Quand les apôtres eurent été conduits au premier étage par Jean Marc, ils virent une salle vaste et commode, complètement apprêtée pour le souper. Ils remarquèrent que le pain, le vin, l’eau et les herbes étaient tout prêts à une extrémité de la table. Sauf à l’extrémité où se trouvaient le pain et le vin, la longue table était entourée de treize divans pour s’étendre, exactement comme elle aurait été préparée pour la célébration de la pâque dans une famille juive aisée.
Tandis que les douze entraient dans cette pièce, ils remarquèrent, tout près de la porte, les cruches d’eau, les bassines et les serviettes destinées au lavage de leurs pieds poussiéreux. Aucun serviteur n’ayant été prévu pour leur rendre ce service, les apôtres commencèrent à se regarder les uns les autres dès que Jean Marc les eut quittés, et chacun se mit à penser en lui-même : Qui va nous laver les pieds ? Et chacun pensa également que ce ne serait pas lui qui assumerait ce rôle apparent de serviteur des autres.
Tandis qu’ils se tenaient là, agitant la question dans leur cœur, ils promenèrent leur regard sur l’arrangement des sièges autour de la table et remarquèrent le divan surélevé de l’hôte, avec un divan à sa droite et onze autres disposés autour de la table, le dernier faisant face au deuxième siège d’honneur placé à droite du divan de l’hôte.
Ils attendaient l’arrivée du Maitre à tout moment, mais ils étaient dans l’embarras, ne sachant s’ils devaient s’assoir ou attendre sa venue en comptant sur lui pour leur désigner leur place. tandis qu’ils hésitaient, Judas s’avança vers le siège d’honneur à gauche de l’hôte, et signifia qu’il avait l’intention de s’y allonger à titre de convive préféré. Cet acte de Judas provoqua immédiatement une violente dispute parmi les autres apôtres. À peine Judas s’était-il emparé du siège d’honneur que Jean Zébédée prétendit occuper le second siège d’honneur, à droite de l’hôte. Simon pierre fut tellement furieux de la prétention de Judas et de Jean à des positions de choix que, sous les regards irrités des autres apôtres, il tourna autour de la table et prit sa place sur le divan le plus bas, à la fin de la rangée, exactement à l’opposé de celui choisi par Jean Zébédée. d’autres apôtres ayant pris possession des sièges élevés, pierre s’était décidé à choisir le plus bas non seulement pour protester contre l’orgueil indécent de ses frères, mais avec l’espoir qu’en entrant et en le voyant à la place la moins honorifique, Jésus le ferait monter à une place plus élevée, et déplacerait ainsi un apôtre ayant eu la présomption de s’honorer lui-même.

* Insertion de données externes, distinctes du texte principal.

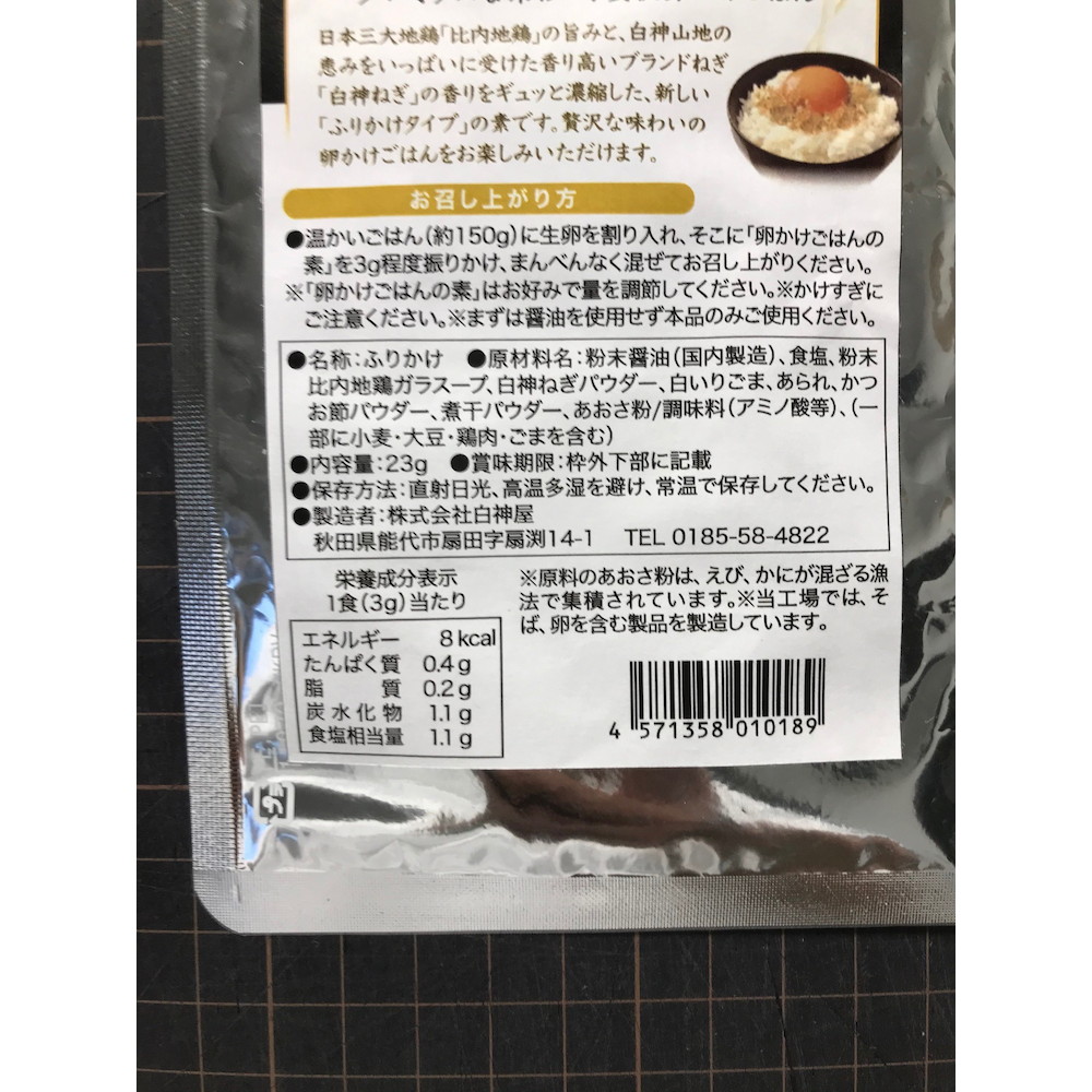 比内地鶏の旨みと、白神山地の恵をいっぱいに受け育てられた白神ねぎの香りをギュッと濃縮した、新しい「ふりかけタイプ」の素です。温かいご飯に生卵を割り入れ、本品をふりかけ味付けしてください。今までにない贅沢な味わいの卵かけごはんが堪能できます。

La position la plus élevée et la position la plus basse étant ainsi occupées, les autres apôtres choisirent leurs places, les uns près de Judas, et les autres près de pierre, jusqu’à ce qu’ils fussent tous installés. Sur ces divans autour de la table en forme de U, ils étaient assis dans l’ordre suivant : à droite du Maitre, Jean ; à gauche du Maitre, Judas, Simon Zélotès, Matthieu, Jacques Zébédée, André, les jumeaux Alphée, Philippe, Nathanael, Thomas et Simon Pierre.
Ils sont réunis pour célébrer, au moins en esprit, une institution datant même d’avant Moïse et qui se référait à l’époque où leurs ancêtres étaient esclaves en égypte. Ce souper est leur dernier rendez-vous avec Jésus, et, même dans ce cadre solennel, les apôtres, sous la conduite de Judas, sont amenés une fois de plus à céder à leur ancienne prédilection pour les honneurs, la préférence et l’élévation personnelle.

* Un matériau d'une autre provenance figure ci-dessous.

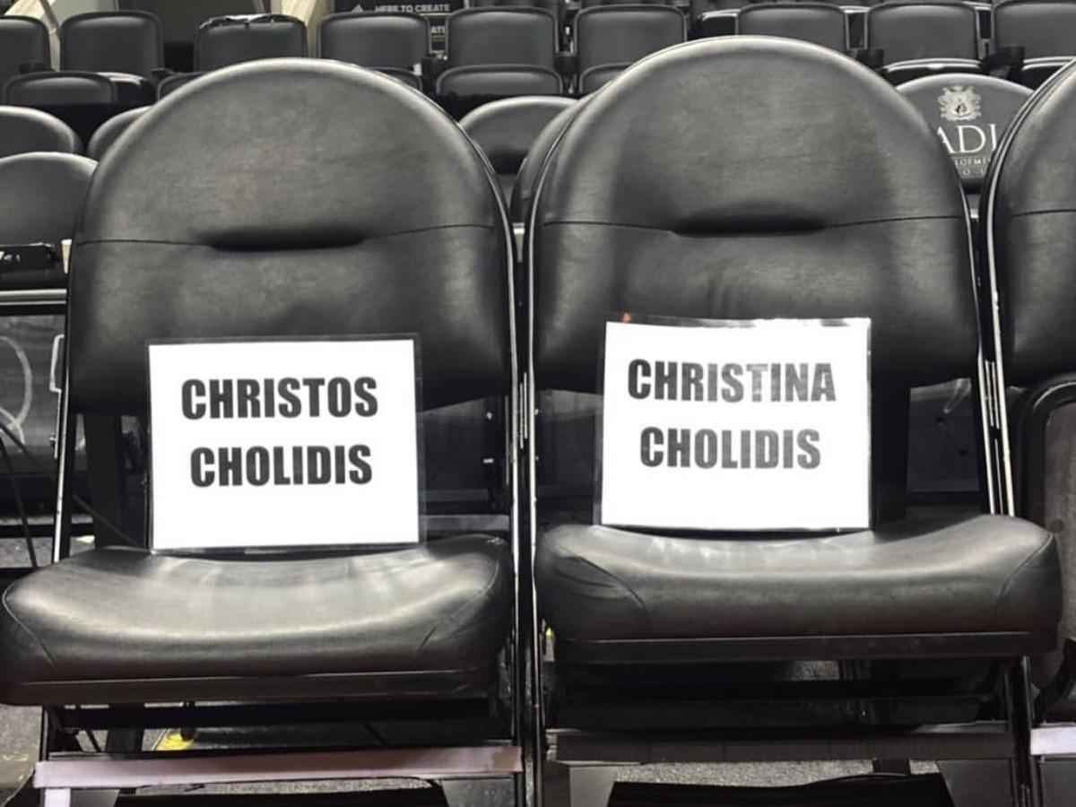 Το Χρήστο και την αδερφή του Χριστίνα, τους περιμένουν με reserve καρέκλες στην πρώτη θέση, δίπλα στο παρκέ στο γήπεδο στολίδι των Toronto Raptors. Ιδού και η απόδειξη στις παρακάτω φωτογραφίες:
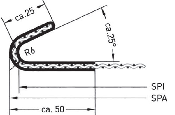 Spi - szita hossza, belső megfeszítés estén
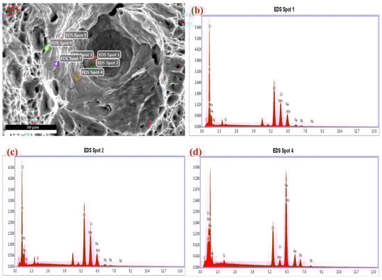EDS analysis of DB sample fracture. (a) 10,000× EDS analysis (b) EDS spot 1 (c) EDS spot 2 (d) EDS spot 4.
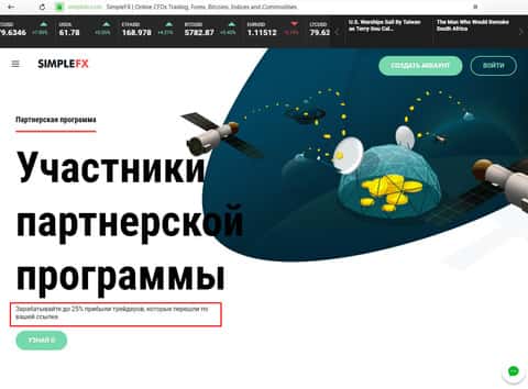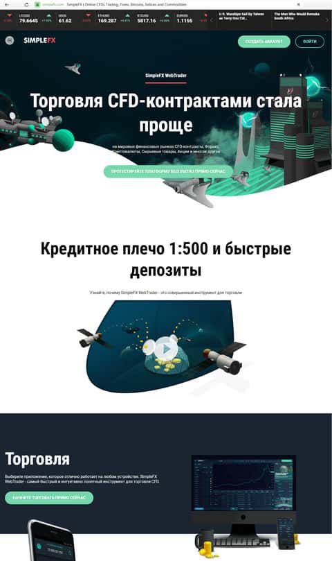 Теперь перейдём непосредственно к сайту мошенников Симпл ФХ. В общем и целом, ничего необычного. Аферисты всеми силами пытаются убедить будущих жертв положить денег на счёт. Этих денег после ввода, как понимаете, клиенты шарашки SimpleFX больше не увидят.
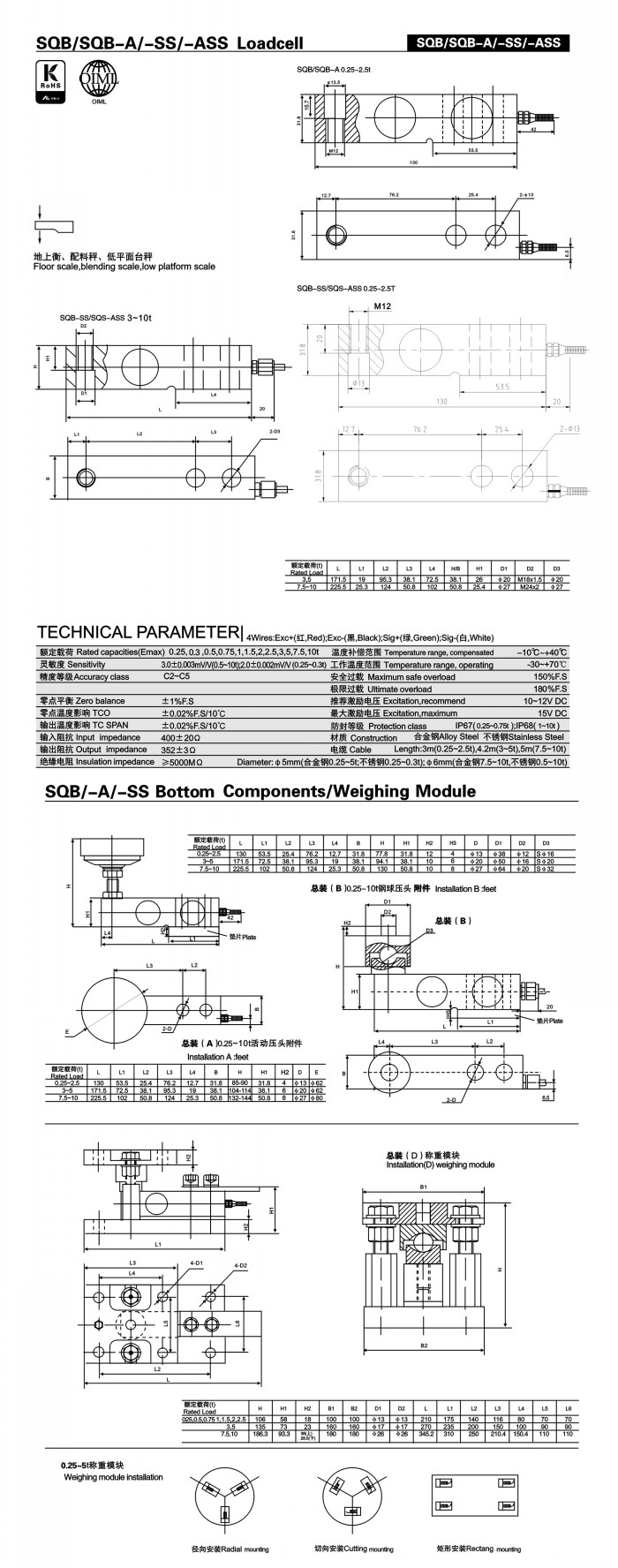 想了解更多SQB系列傳感器可以點(diǎn)擊:amcells稱重傳感器;可查找SQB-250KG傳感器系列型號(hào)了解具體技術(shù)參數(shù)及相關(guān)系列產(chǎn)品型號(hào)等信息。

Ils étaient encore en train de récriminer avec irritation lorsque le Maitre apparut dans l’embrasure de la porte, où il hésita un instant, tandis qu’une expression de désappointement gagnait lentement son visage. Il prit sa place sans commentaire et ne changea rien aux dispositions que les apôtres avaient prises pour les leurs.

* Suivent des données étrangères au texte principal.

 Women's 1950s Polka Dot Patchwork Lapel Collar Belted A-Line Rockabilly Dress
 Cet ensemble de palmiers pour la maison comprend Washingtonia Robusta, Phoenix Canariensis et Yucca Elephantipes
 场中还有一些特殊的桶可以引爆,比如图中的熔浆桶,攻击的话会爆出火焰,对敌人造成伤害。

Ils étaient maintenant prêts pour le souper, sauf que leurs pieds n’étaient pas encore lavés et que leur humeur n’était rien moins que plaisante. À l’arrivée du Maitre, ils étaient encore en train de se faire des observations peu flatteuses les uns sur les autres, sans parler des pensées de certains d’entre eux, qui avaient suffisamment de contrôle émotif pour s’abstenir d’exprimer ouvertement leurs sentiments.